═════ INFORMATION PROVIDED ═════
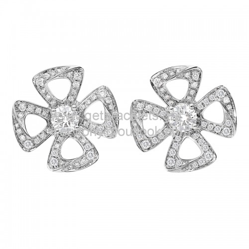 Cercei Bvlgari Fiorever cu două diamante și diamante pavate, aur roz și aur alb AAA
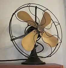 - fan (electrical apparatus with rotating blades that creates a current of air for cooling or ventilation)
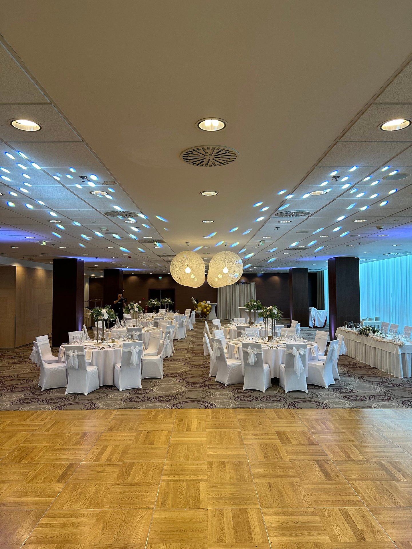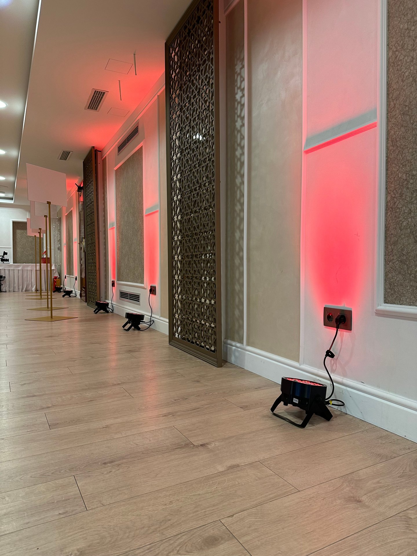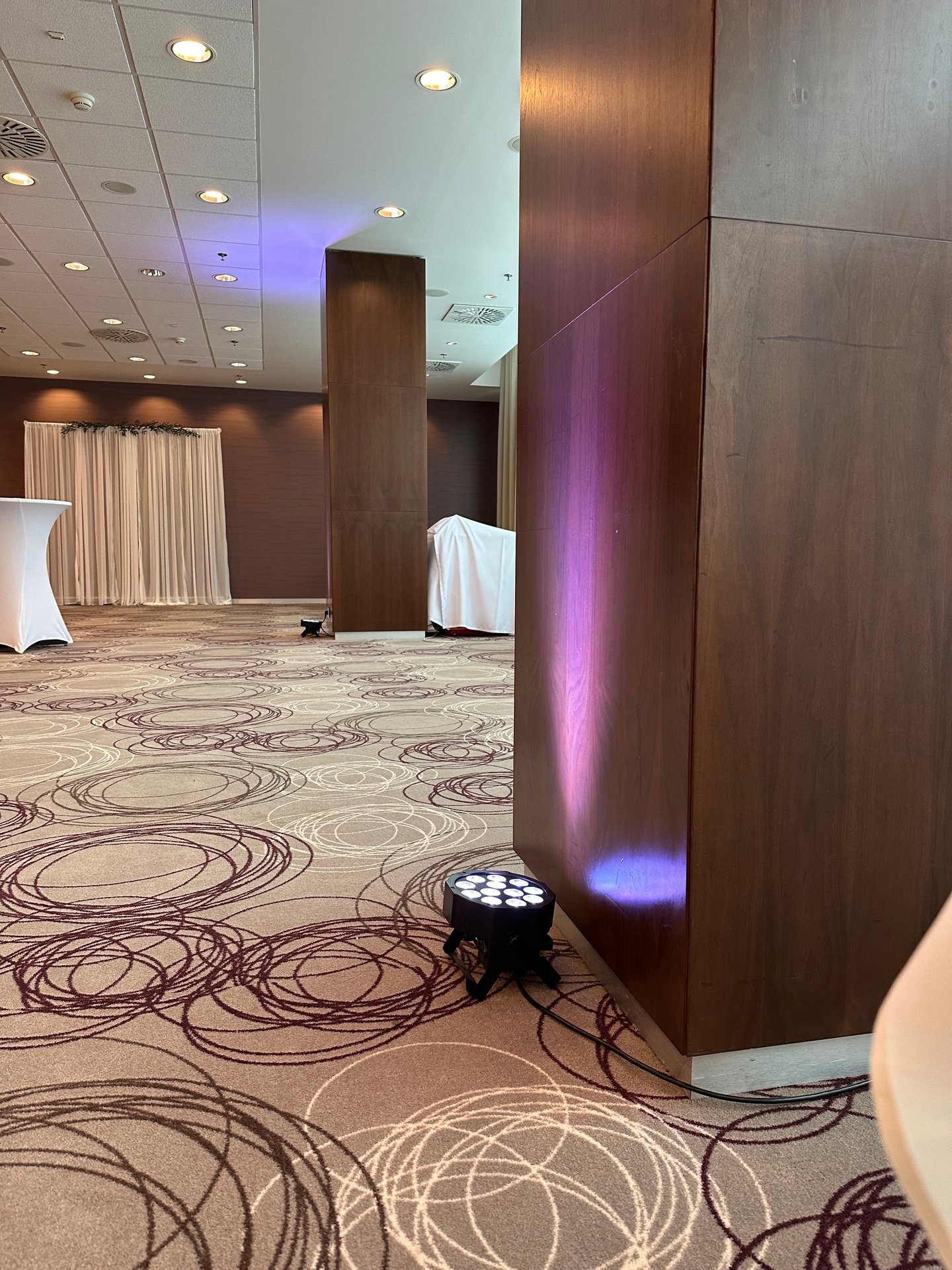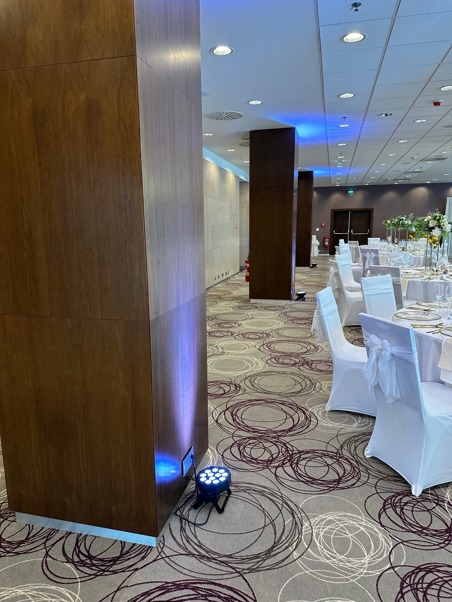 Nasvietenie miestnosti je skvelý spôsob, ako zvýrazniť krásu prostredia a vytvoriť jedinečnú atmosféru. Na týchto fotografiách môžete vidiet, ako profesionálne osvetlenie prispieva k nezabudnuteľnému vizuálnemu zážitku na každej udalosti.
═════
TASK DETAILS
Please provide a faithful transcription of all the data, pictures excluded.

WRITTEN REPLY
 Cercei Bvlgari Fiorever cu două diamante și diamante pavate, aur roz și aur alb AAA
 - fan (electrical apparatus with rotating blades that creates a current of air for cooling or ventilation)
 Nasvietenie miestnosti je skvelý spôsob, ako zvýrazniť krásu prostredia a vytvoriť jedinečnú atmosféru. Na týchto fotografiách môžete vidiet, ako profesionálne osvetlenie prispieva k nezabudnuteľnému vizuálnemu zážitku na každej udalosti.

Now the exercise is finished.